Data records
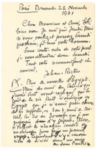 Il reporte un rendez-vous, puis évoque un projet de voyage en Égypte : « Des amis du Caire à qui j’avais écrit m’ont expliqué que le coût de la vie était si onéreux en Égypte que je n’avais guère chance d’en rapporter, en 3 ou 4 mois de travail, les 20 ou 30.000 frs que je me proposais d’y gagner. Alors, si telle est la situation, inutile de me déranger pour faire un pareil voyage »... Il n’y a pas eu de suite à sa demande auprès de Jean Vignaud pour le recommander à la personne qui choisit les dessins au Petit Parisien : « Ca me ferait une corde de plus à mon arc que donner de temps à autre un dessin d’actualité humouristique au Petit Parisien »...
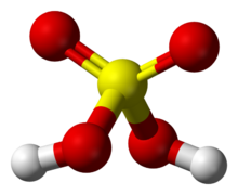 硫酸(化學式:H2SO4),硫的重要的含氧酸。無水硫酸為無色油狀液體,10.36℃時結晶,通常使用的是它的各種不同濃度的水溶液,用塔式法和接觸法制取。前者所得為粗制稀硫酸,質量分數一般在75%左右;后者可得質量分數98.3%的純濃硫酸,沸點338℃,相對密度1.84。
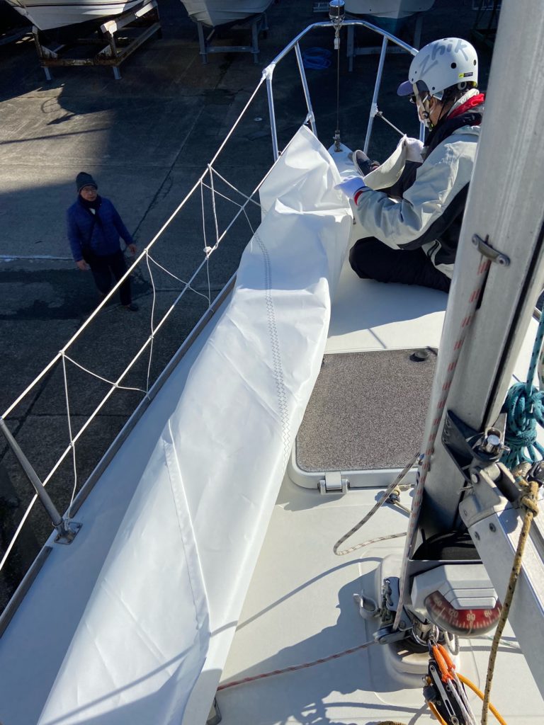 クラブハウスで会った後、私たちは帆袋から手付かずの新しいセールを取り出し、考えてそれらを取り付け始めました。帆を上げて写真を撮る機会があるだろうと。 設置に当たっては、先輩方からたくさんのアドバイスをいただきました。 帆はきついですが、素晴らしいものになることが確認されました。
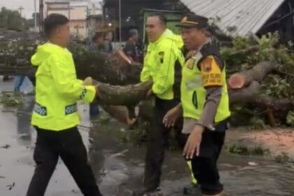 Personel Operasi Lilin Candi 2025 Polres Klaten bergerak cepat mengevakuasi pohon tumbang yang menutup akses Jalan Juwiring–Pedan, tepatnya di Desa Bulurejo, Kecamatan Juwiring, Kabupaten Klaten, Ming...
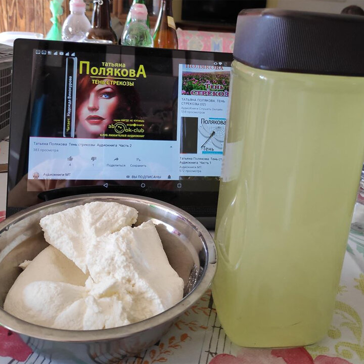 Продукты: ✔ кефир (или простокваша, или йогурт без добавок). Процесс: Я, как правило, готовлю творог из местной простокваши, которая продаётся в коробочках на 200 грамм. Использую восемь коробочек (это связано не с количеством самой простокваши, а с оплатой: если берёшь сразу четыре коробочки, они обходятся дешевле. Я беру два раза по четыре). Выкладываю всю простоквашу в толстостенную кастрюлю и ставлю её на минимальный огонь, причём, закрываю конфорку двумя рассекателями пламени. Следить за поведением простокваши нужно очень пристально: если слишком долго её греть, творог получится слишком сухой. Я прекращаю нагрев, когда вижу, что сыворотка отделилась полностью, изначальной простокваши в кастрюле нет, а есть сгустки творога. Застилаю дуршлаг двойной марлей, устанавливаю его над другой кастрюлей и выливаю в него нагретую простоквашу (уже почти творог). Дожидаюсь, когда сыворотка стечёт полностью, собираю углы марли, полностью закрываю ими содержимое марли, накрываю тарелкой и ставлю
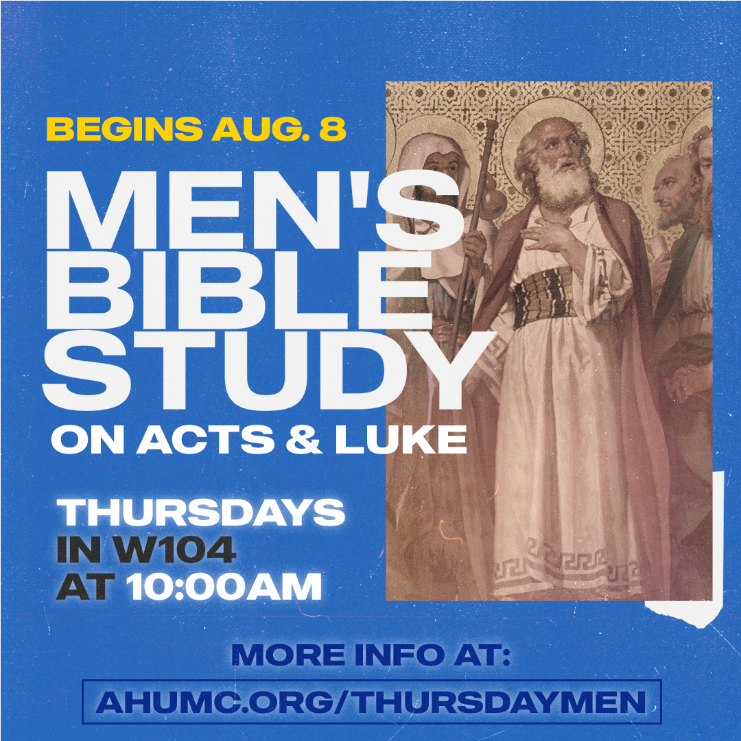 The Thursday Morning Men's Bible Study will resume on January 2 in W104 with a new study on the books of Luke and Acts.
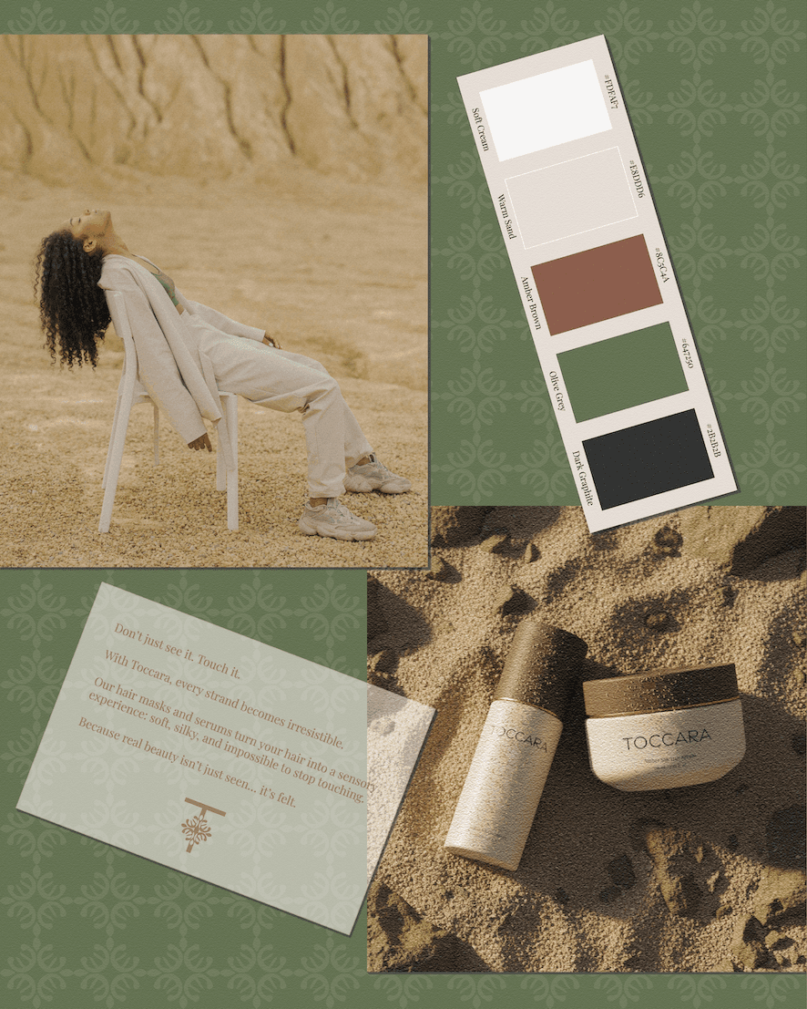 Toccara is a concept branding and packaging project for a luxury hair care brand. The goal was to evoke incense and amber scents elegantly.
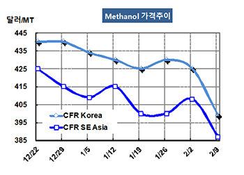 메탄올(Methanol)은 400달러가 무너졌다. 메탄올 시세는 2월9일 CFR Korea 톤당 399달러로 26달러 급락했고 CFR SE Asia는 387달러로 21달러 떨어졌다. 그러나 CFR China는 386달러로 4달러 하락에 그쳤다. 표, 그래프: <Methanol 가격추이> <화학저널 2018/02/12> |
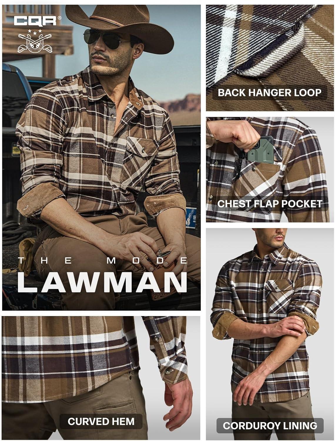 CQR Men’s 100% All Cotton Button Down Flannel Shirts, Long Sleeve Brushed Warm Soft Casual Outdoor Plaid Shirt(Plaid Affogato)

--

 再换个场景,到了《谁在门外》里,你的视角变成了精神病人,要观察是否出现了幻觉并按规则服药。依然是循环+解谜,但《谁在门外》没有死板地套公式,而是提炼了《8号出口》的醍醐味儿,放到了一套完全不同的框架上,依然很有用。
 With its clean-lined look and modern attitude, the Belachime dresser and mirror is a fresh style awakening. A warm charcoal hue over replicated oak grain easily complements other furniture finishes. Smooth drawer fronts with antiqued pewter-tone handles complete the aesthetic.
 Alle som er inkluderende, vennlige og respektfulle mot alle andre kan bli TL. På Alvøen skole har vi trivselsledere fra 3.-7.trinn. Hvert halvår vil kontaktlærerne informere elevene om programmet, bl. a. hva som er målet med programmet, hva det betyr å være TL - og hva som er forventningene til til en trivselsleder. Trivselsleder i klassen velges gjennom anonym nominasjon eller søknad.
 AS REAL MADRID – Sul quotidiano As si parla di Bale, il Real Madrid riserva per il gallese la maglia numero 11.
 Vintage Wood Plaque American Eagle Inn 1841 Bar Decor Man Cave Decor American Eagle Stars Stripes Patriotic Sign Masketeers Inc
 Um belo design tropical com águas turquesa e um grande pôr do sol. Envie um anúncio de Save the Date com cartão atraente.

:: Task to complete ::
Would you please repeat exactly the lines above, starting at the line with "AS REAL MADRID" and stopping at the line with "Um belo design", both included?

:: Answer to this problem ::
 AS REAL MADRID – Sul quotidiano As si parla di Bale, il Real Madrid riserva per il gallese la maglia numero 11.
 Vintage Wood Plaque American Eagle Inn 1841 Bar Decor Man Cave Decor American Eagle Stars Stripes Patriotic Sign Masketeers Inc
 Um belo design tropical com águas turquesa e um grande pôr do sol. Envie um anúncio de Save the Date com cartão atraente.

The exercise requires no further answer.